Say hello to everyone first. I am a newbie here and have just started basic research. There is a problem that has just started to bother me recently.

Example 1: Cbioportal not only has TCGA data, but also some other metastatic cancer RNA data, but they are all types of FPKM. Can I select the genes that I want to compare, and then convert FPKM to TPM and analyze their differences(logFC)? Because some databases contain 30,000 genes, but other databases only have 17,000 genes. My question is, after TPM standardization, can we compare with each other?

Example 2. The types and quantities of genes tested on different platforms on GEO are different. Can I perform analysis across platforms? Or is it that the test results from the same platform can be compared?
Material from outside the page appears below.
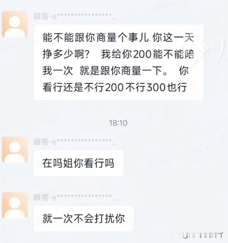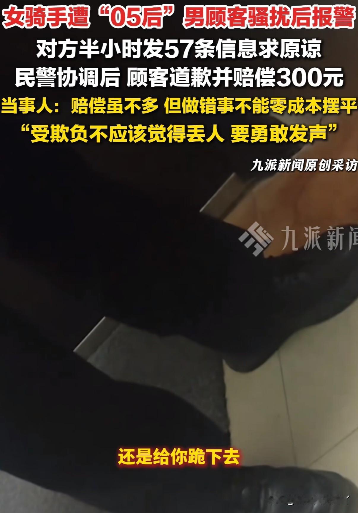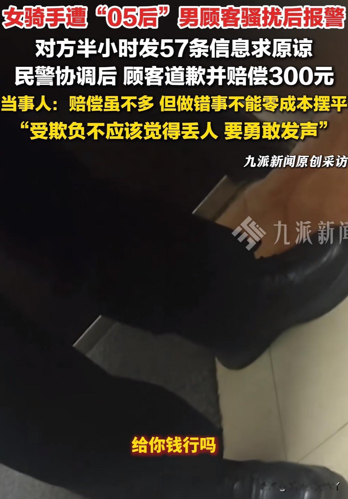 女外卖员遭点餐男子发信息询问200元陪我一次可以吗?200不行给你300 2月22号上海00后外卖女骑手小葛送餐后收到点餐男子发来骚扰信息,对方先是询问小葛送一天外卖能赚多少钱,小葛没理会对方又发来信息提出让小葛陪他一次他可以出200块钱,200不行他也可以给300,还说就一次过后绝不打扰 小葛表示自己已经报警后点餐男子接连发几十条信息道歉请求原谅 在警方介入下点餐男子向小葛道了歉并赔偿小葛300元 小葛表示钱虽然不多但她必须要,做了错事仅道歉就可以原谅的话且不是零成本
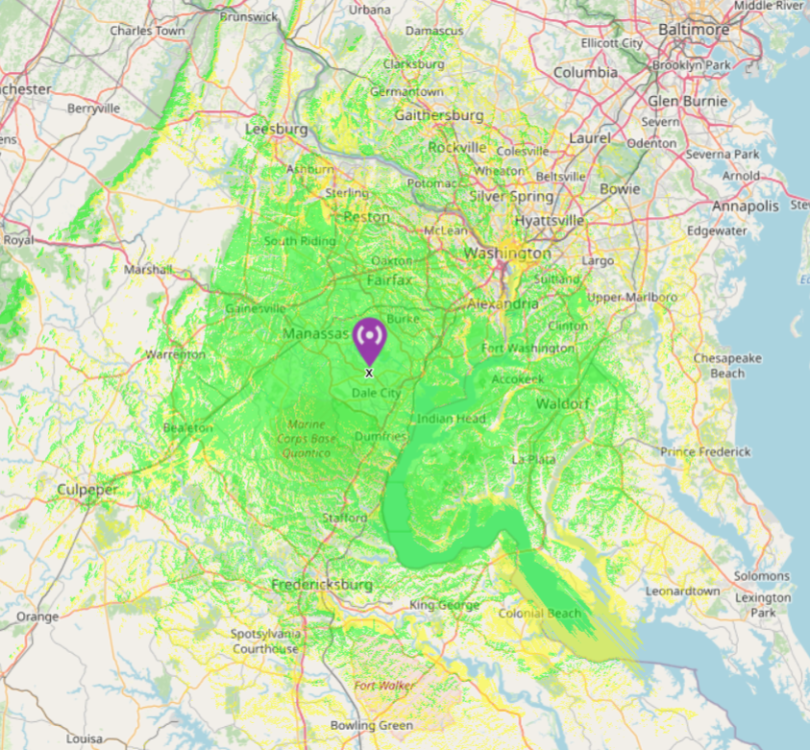 Hey, Peter! Great questions. BTW... if you hear us chatting, you are always welcome to join in! I appreciate the interest. We talked about it a little at our last get-together, but just touched on it. So, I'm happy to give more details. I am a volunteer radio operator with the Amateur Radio Emergency Service (ARES). I serve on a few teams supporting DHS/FEMA, US Marine Corps Quantico (MCCS/MCM), Loudoun County, Prince William County and the Virginia state EOC in Richmond. ARES is a nation-wide group attached to the American Radio Radio League. Our organization has formal MOUs with local, state and federal agencies across the nation. Our team provides a full spectrum of auxiliary (and on occasion, primary) communications support for the aforementioned agencies. That would include, but not limited to, voice traffic, independent email services, wireless LAN/WAN both in an affected area and relayed outside the impact zone, video, GPS and signal tracking, and much, much more. We have had great success in drills and real-world service for more decades than I have been alive, and I am happy to be apart of the organization. These relationships have afforded our teams some special privileges in the radio world. Hospitals, government agencies, and private business all appreciate the services we provide to the community, and to help us provide the best possible services, these agencies/businesses have allowed our groups to install VHF and UHF repeaters on there buildings, commercial radio towers, and on high-elevation properties. We even have repeaters and towers installed in national parks for areas known to frequently need our support. I mention all of this because it is relevant to what is happening with the proposed GMRS repeater. The Prince William County government is allowing us to install a new amateur radio VHF and UHF repeater on a county radio tower. The intent is to have the amateur radio equipment available to all licensed amateurs, while ensuring priority use for ARES supporting the county, state and federal government. Since we are going to have both a VHF and a UHF antenna, we figured we would gang a GMRS repeater on the UHF antenna, having it support both systems. I proposed the use of the GMRS repeater to the county under the same assumptions as the amateur radio repeaters... they will be open to all licensed users, with the county and other served agencies traffic taking priority during drills and emergencies, and the county EC agreed. Keep in mind, we are in the early stages of planning. We need to design the system, acquire hardware, and coordinate frequency use. What we are planning is subject to change... but the proposed details are as fallows. The availability date is currently TBD. As mentioned, we are still gathering parts and the facility is currently in the end stages of renovations. We cannot build until construction is complete. The tower is in the south-eastern part of Prince William County. The base of the tower is about 155 feet above average terrain. The arm the antennas will be on is about 300 feet above ground. We are going to use high-gain folded dipole antennas for all repeaters. We are planning on legal limit for the power output on GMRS (and 100w for the amateur repeaters). The channel is TBD, pending coordination. This will be a publicly accessible repeater, open to all licensed operators. Again, if the repeater is needed for emergency use, we will terminate public access until the emergency need is over. We hope that amateur gear will be sufficient so local families/residents can use the GMRS repeater in a local communications outage. We have not settled on a tone yet, but it will be CTCSS. We will ask local users to use whatever the primary tone we select for day-to-day use, but we will also have 141.3 for emergency/traveler use. The coverage area is theoretical at this point, but below is a projected coverage map showing 99.9% reliability. As we drop down to 70% reliability, the coverage increases dramatically.

Thanks to anyone who answered.

There is no general answer to this question, I guess. A general comparison, by repeating experiments on two platforms for example, is possible. But I guess you mean performing differential expression across platforms. Here are some thoughts:

1. Mixing platforms for one experiment could be generally considered as bad design. We may integrate platforms but not perform something like differential expression across platforms because the confounding variables and the intrinsic differences between the platforms could make interpreting results impossible. For instance differences between NGS and Microarrays regarding dynamic range are substantial.
2. However, if we are talking about very similar platforms, then it is liketly to be able to filter out batch effects. Here it would be helpful to have ground truth genes, for example, to compare results or a high number of replicates. Also meta data about the performed experiments may play a role in correction for bias.
3. Considering your first example, if you are using the counts to compute TPM, then you can use this of course to compare samples. These are not different platforms but different databases. Here, I would only compare genes present in both databases. However, I would go for one of the established DE-Algorithms based mainly on counts (DESeq2 or EdgeR). Using TPM would help you to see the direction but should not be used for DE Analysis. It may be also needed to correct for batch effects.